I know about myself – how I feel and how to help myself.
I know about health – what that means for my body and my psyche.
And I know about hope – that there is healing beyond pain, and happiness beyond suffering.
I see myself in old home movies with subdued eyes, and I can see a girl turning rocks over in her head over and over again as her life passes her by. More than anything I want her to know that she’s not alone in how she feels and it’s okay to tell someone. It’s okay to talk about how you feel. You’re not crazy. You’re allowed to ask for help and insist that you get it. I want her to know about what kind of help was available to her. I want her to understand what she’s feeling, and for others around her to understand it too.
But I can’t go back in time and tell her.
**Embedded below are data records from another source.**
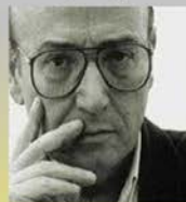
Ο σκηνοθέτης Θόδωρος Αγγελόπουλος, Απόφοιτος του σχολείου

Μου προκαλούσε βλίση το να βλέπω αυτό το κτίριο σε τέτοια άσχημη κατάσταση, κι έτσι χάρηκα όταν γίνει λικίο και στη πολύ πιθανόν να φοιτήσω εκεί, όπως και έγινε. Την πρώτη μέρα του σχολείου είχα τραμπερή περιέργεια και αγωνία να δω πως έκε γίνεται το εσωτερικό του κτίριου και πραγματικά είναι υπέροχο και συγκινητικό να βλέπω αυτό το κτίριο να ξαναβρίνει ζωή. ..Είμαι η Ηλέκτρα ..Είμαι από την Νοκρά ..Είμαι από την Ελλάδα ..Πήγανα στο Σπύριο ..Είπατε παιδιά, Είμαστε το ίδιο Νιάουμε το ίδιο. Εσύ γιατί μας αποκαλείς διαφορετικούς;
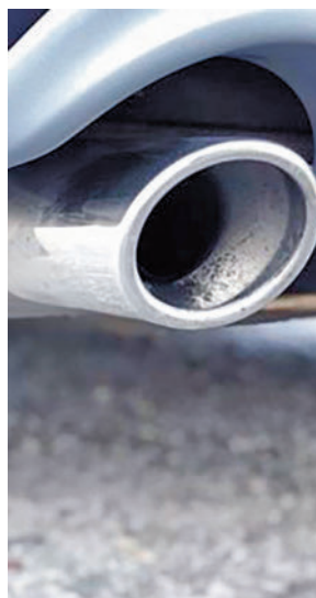
Tubo de escape E.P.

su vehículo es demasiado viejo (33%) o que quieren uno que sea más sostenible (30%), según la encuesta 'Consumer Spotlight' de Liberty Seguros. Además, una quinta parte de los encuestados (21%) también conside-
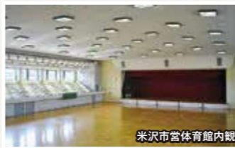
米沢市営体育館内観
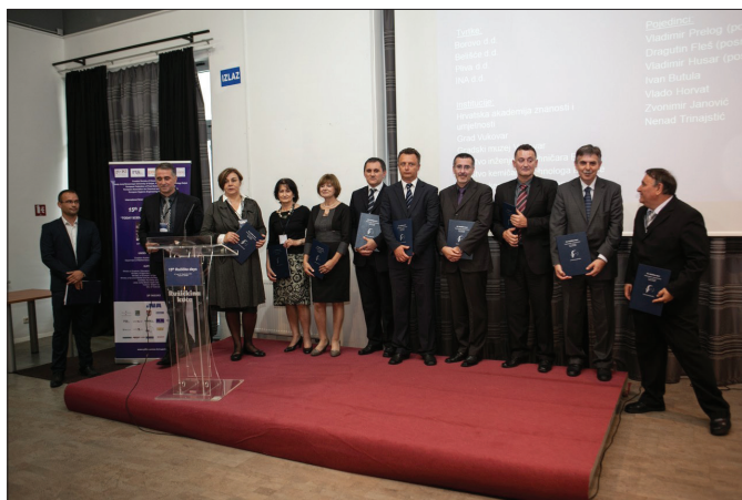
Slika 4 – Dodjela priznanja za poseban doprinos u radu i razvitku dosadašnjih skupova "Ružičkini dani"

Znanstveni i stručni radovi na Skupu prezentirani su kao plenarna predavanja, pozvana predavanja, usmena priopćenja te posterska priopćenja (tablica 1), unutar sljedećih sekcija:
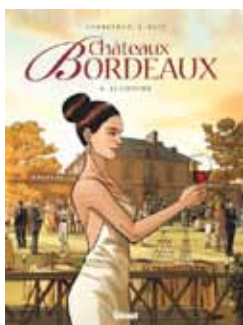
Châteaux Bordeaux Volume 6, Le courtier

Alexandra Baudricourt doit chercher des soutiens financiers après avoir repris en main le
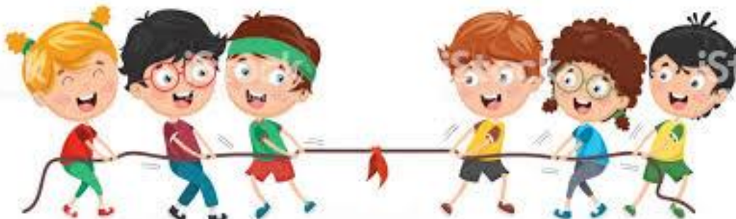
FIGURA 4.1: Representação da brincadeira Cabo de guerra 3

No planejamento, como dito no capítulo de metodologia, foi pensada a organização dos materiais necessários para o desenvolvimento das brincadeiras, assim providenciamos cadeiras, pano e corda. A figura 4.1 representa uma ilustração de uma das brincadeiras usada no processo de intervenção, ou seja, a brincadeira de cabo de guerra.
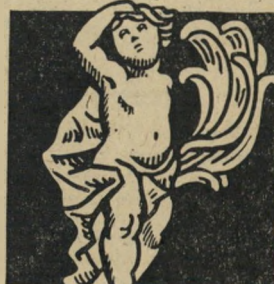
"וגם מפה לא רואים אפילו את התחת שלו"

מקרוב ת', אדם קטן בגופו ובאופיו; חונף, מלשין. "לקחו את המיקרוב הזה ושמו אותו בראש כל העסק. הם עוד יאכלו את עצמם". א, "כן, הוא דווקא די סימפטי, אין לי אליו כלום — רק זה שהוא מקיף את עצמו במיקרובים האלה, זה קצת מעורר חשד."
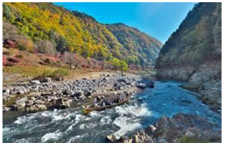
Βαρκάδα-εμπειρία ζωής στον ποταμό Hozugawa στην Αρασιγιάμα
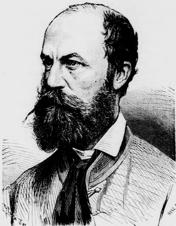
Jókai Mór. (Lásd a 636. lapon.)

s egyiránt lelkesültek mindnyájan. — Az ő képzelete bekalandozta az összes természetet, s össze szedve annak színeit, költői nyelvvel oly ragyogó képeket festett, minőket eddigelé nem látott az olvasó közönség. Ha a hazáról ír, forró honszerelme szikrázik, mint a tűz, — s olvasás után nem csak, hogy fellelkesülünk, de megfogadjuk, hogy mi is úgy szeretjük hazánkat mint ő, s nem leszünk ahhoz hűtelenek soha! — Nem keresi ő a gondolatokat, s gondolatai még is mindig újak, s e mellett mint érzései is tiszták és egészségesek.
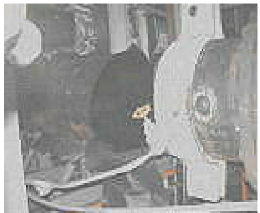
(横から見ると、バカッと開いた口)
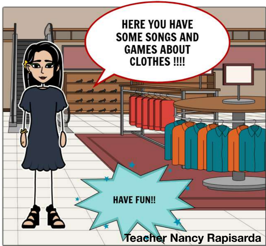
Crea il tuo a Storyboard That
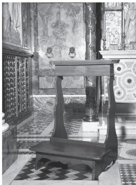
Genuflexório utilizado por Pio X. Actualmente se conserva em Roma, no Oratório da Santíssima Trindade da sede central do Opus Dei.
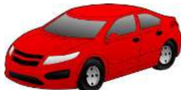
A CAR = AUTO

Prohlédni si následující obrázky hraček a nauč se je. Jejich výslovnost bude poslána emailem.
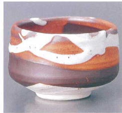
キ389-24-2 残雪 抹茶碗 (φ11.6×7.8cm) ¥2,200 2113386034
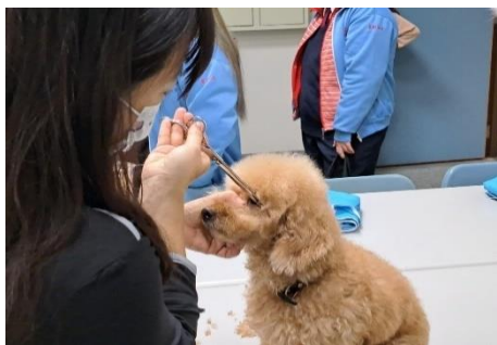
寵物美容技術操作
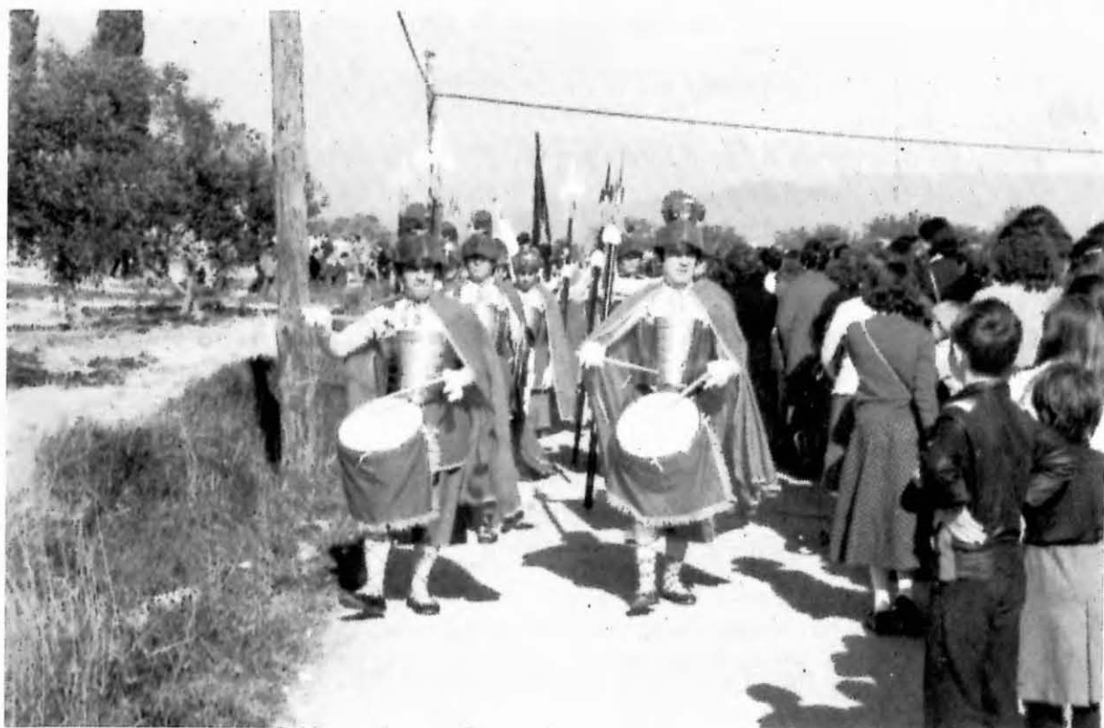
Divendres Sant. "Els Armats"
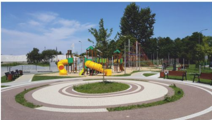
Skwer Dzieci i Młodzieży przy ul. Kolejowej w Chełmku.

W ramach zadania został utworzony ogólnodostępny skwer dla dzieci i młodzieży zawierający między innymi: skate park, park linowy z wyposażeniem, plac zabaw, oświetlenie oraz elementy małej architektury takie jak min.: ławki, kosze na śmieci, stojaki rowerowe.
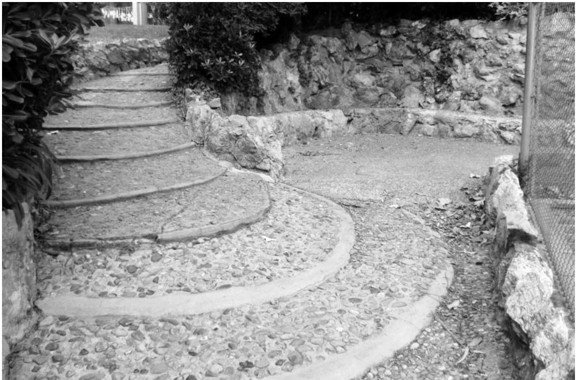
Fig. 8. L'escala d'en Gaudí.
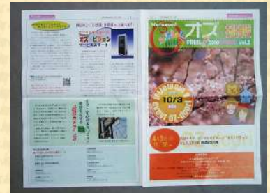
▲商店街発行の情報誌
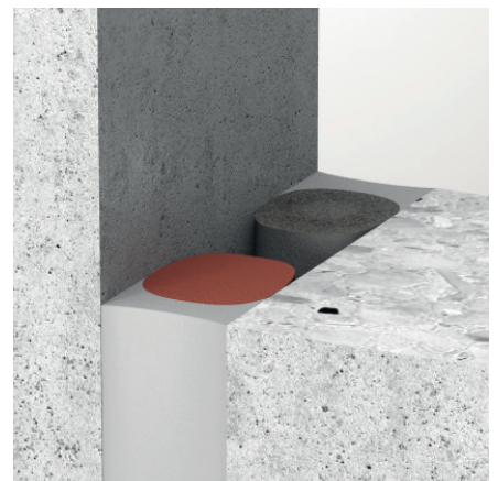
Kombination von ZZ® 530 und Abdichtungsmasse
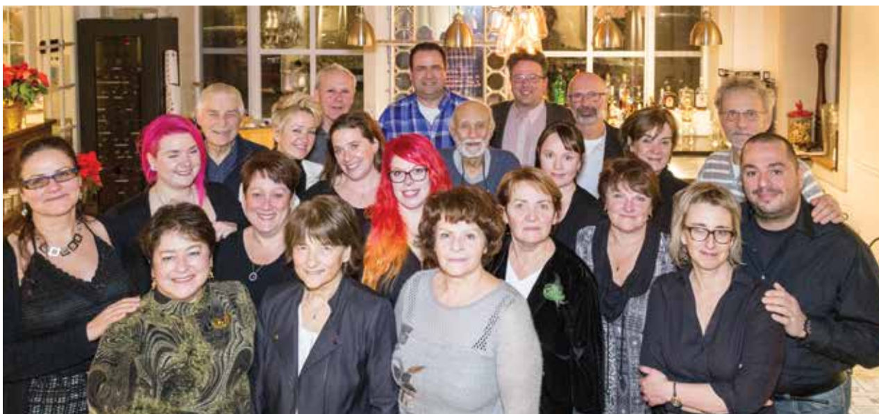
Toute l'équipe d' Autour de l'île vous souhaite de très joyeuses Fêtes!

Si Autour de l'île peut être fier de célébrer ses 20 ans, la route ne s'est pas faite sans heurts et sans défis à relever. À chaque étape, une équipe de bé-
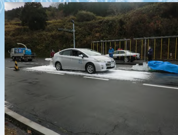
積雪路面上の走行練習
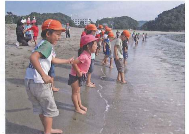
自然に触れる浜遊び

小学生になっても学校から帰ると、園児たちを引き連れて裏山に登ったり銀杏の木に登って遊んだり、まるで園児たちの番長のように、楽しいこと、危険なこと、ドキドキすることを教えて、よく祖母から叱られていました。
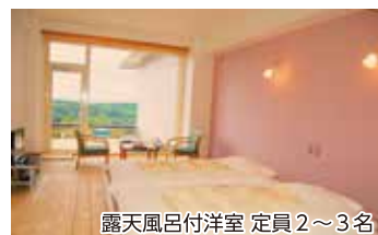
露天風呂付洋室 定員2~3名

「自ら美しくなる・健康になる・心と体が癒される」ことに特化したご宿泊は、癒しとリフレッシュ効果を最大限に感じることが出来る贅沢なひとときです。高付加価値&リーズナブル価格でのご宿泊をぜひご体験ください。

But I can tell you. I can tell everyone that comes after me these things, so no one needs to feel the way I did for so long. We’ve come such a long way in mental health discourse since I was a child. But there are still ways to go.
We need mental health education in schools, talked about in media, taught by parents to their children. In a mental health literate world, we understand each other. We empathize with each other. And we know how to help each other.
Little me could only dream of a world like that. But I can see that change starting in the world, and it’s up to us to make that dream a reality.